Retrogenes form a class of gene duplicate lacking the regulatory sequences found outside of the mRNA-coding regions of the parent gene. It is not clear how a retrogene's lack of parental regulatory sequences affects the evolution of the gene pair. To explore the evolution of parent genes and retrogenes, we investigated three such gene pairs in the family Drosophilidae; in Drosophila melanogaster, these gene pairs are CG8331 and CG4960, CG17734 and CG11825, and Sep2 and Sep5. We investigated the embryonic expression patterns of these gene pairs across multiple Drosophila species. Expression patterns of the parent genes and their single copy orthologs are relatively conserved across species, whether or not a species has a retrogene copy, although there is some variation in CG8331 and CG17734. In contrast, expression patterns of the retrogene orthologs have diversified. We used the genome sequences of 20 Drosophila species to investigate coding sequence evolution. The coding sequences of the three gene pairs appear to be evolving predominantly under negative selection; however, the parent genes and retrogenes show some distinct differences in amino acid sequence. Therefore, in general, retrogene expression patterns and coding sequences are distinct compared to their parents and, in some cases, retrogene expression patterns diversify.
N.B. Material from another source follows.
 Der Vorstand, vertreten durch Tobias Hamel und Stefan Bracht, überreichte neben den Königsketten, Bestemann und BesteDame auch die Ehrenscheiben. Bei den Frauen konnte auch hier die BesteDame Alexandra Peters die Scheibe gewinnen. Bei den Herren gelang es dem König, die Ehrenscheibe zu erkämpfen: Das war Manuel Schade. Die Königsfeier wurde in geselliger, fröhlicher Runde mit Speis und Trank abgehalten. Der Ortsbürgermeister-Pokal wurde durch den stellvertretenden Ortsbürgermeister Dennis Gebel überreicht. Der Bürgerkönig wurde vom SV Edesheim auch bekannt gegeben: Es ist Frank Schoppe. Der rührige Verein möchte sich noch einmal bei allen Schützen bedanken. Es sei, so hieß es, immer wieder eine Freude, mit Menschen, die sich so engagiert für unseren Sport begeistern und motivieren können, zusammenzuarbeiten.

The Drosophila melanogaster septin gene Sep2 has a redundant function with the retrogene Sep5 in imaginal cell proliferation but is essential for oogenesis.
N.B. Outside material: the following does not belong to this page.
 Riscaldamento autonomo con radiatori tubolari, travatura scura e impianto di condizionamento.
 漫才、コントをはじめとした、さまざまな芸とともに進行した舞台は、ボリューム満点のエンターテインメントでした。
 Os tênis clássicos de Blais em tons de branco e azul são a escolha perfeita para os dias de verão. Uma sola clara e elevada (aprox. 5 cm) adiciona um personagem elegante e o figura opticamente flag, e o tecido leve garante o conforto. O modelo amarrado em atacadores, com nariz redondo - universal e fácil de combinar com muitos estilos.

Septins are cytoskeletal proteins that form hetero-oligomeric complexes and function in many biological processes, including cytokinesis. Drosophila melanogaster has five septin genes. Sep5, which is the most recently evolved septin gene in Drosophila, is a retrogene copy of Sep2. Sep5 mutants appear wild type, whereas Sep2 mutant females are semisterile. Their ovaries have egg chambers containing abnormal numbers of nurse cells. The egg chamber phenotype is rescued to wild type by expressing a Sep2 cDNA, but it is only partially rescued by expressing a Sep5 cDNA, showing that these paralogs have diverged in function at the protein level. Sep2 Sep5 double mutants have an early pupal lethal phenotype and lack imaginal discs, suggesting that these genes have redundant functions during imaginal cell proliferation.